Corporate Governance refers to a collection of internal controls and procedures that serve as the foundation for a business’ operations and interactions with a variety of stakeholders, including consumers, management, employees and trade associations.
Control over corporate governance on the inside:
- Internal company management controls keep track of operations and take remedial action to help the company accomplish its objectives. Examples include:
- The board of directors has the right to recruit, terminate, and compensate senior executives, as well as preserve investment capital.

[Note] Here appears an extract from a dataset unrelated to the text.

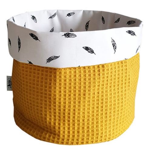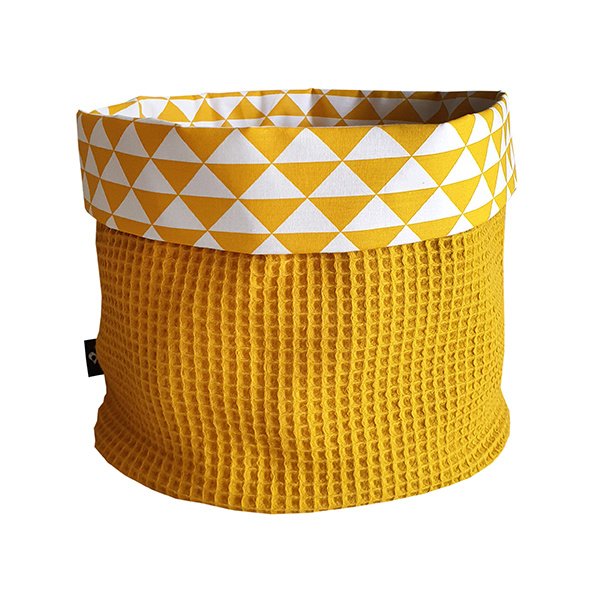 Het commodemandje okergeel driehoek kun je ook combineren met andere kleuren wafelstof. Dit mandje past goed op de commode zodat je er je luiers en/of andere producten in kwijt kunt. Het staat ook vooral erg leuk :). Erg mooi in combinatie met onze aankleedkussenhoezen, dekens en andere producten.

Problems can be detected, discussed, and prevented through regular board meetings.
- Internal Control Systems and Internal Auditors: Internal control systems are policies used by a company’s board of directors, audit committee, management, and other employees to provide sound assurance of the company’s goals in terms of accurate financial reporting, efficiency, and compliance with laws and regulations.
- Balance of Power: The most basic balance of power is one in which the President and the Treasurer are not the same person.
- Salary: Work-based income is linked to a specific portion of one’s income and performance.
- Monitoring by Big Shareholders and/ or Banking and Other Major Lenders: Because of their large position in the company, these stakeholders have incentives to keep an eye on leaders, including the correct degree of control and power.
Control over corporate governance from the outside:
External stakeholders’ authority over the organisation’s operations is included in corporate governance controls. Examples include:
- Competition
- Credit agreements
- Auditing and evaluation of performance information (especially financial statements)
- Government regulations
- Labour market management
- Media pressure
- Takeovers
- Law firms
In the viewpoint of the firm’s shareholders, the corporation is stronger if the level of corporate governance is high.